Last year, the central bank announced a preventive measure by raising the LTV for condominium purchases. For condominium units costing less than Bt10 million, the LTV is capped at 90 per cent, which means loan cannot be more than 90 per cent of unit cost.

“Sales of new projects are not at an accelerated pace and oversupply could be less, which is a good sign. This could be as a result of the recently launched policy. The chance of a bubble is less. This will be monitored further as the measure is being employed from the start of the year,” Mathee said.

The property market has started to give better signal, reflecting lower demand, said BOT director Songtum Pinto. The number of residential units getting credit approvals from commercial banks is projected to decline for all types to 5,793 in January from 9,067 units a month ago, the BOT’s Economic Conditions Report in January said.

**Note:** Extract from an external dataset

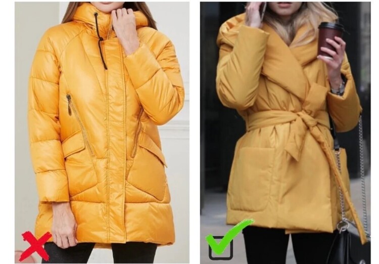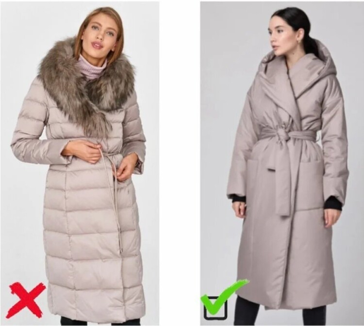 На фото зліва у пуховика занадто обтислий крій – це особливо помітно, якщо подивитися на рукава. Такі пуховики сьогодні вже не актуальні, краще замінити їх на куртку прямого або напівобтислого крою. Якщо потрібно зробити акцент на талії, використовуйте пояс. Також по можливості позбавляємося від хутра на капюшоні, рукавах і кишенях.
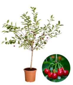 Sie haben zu wenig Platz, um sich Obstbäume anzupflanzen? Sie wollen trotzdem Obst aus dem eigenen Garten? Dann holen Sie sich jetzt die Zwergsauerkirsche ‚Griotella‘ zu sich nach Hause. Die Zwergkirsche ist langsamwachsend und bleibt sehr klein. Durch ihre besondere Wuchsform ist sie perfekt für die Kübelhaltung auf Balkon oder Terrasse geeignet. Sie ist platzsparend und bringt trotzdem sehr gute Erträge. Ihre Früchte sind knackig, rot und säuerlich. Geerntet werden diese Mitte bis Ende Juli. Da es sich um eine selbstbefruchtende Pflanze handelt, wird keine zweite Befruchterpflanze benötigt.

“New property projects in the first month were down as the previous stimulus measure encouraged buying of residential units. Now, the situation is more likely returning to normal,” Songtum said. The report said transactions dropped partly due to more new residential projects, making consumers take longer to make the decision to buy.

Property supply was also lower in January due to the postponement in the launch of many new projects, in line with property developers’ forecast about slower future demand.

As of the end of January 2011, commercial banks’ outstanding personal loans for property purchases rose 13.9 per cent from a year earlier while outstanding loans for property developers shrank 3.9 per cent.

In 2011, the property market could grow due to the government stimulus measure – even though it ended on July 1, 2010 – and the low interest rate, the report said.

With Thailand’s economy growing at a fast pace, and high consumer confidence, the transfer of property rights in Bangkok and its vicinity increased to 178,128 units in 2010 from 161,240 a year earlier. The increase is in line with the number of residential units completed and registered in those areas, which increased to 105,152 units in 2010 from 94,977 previously.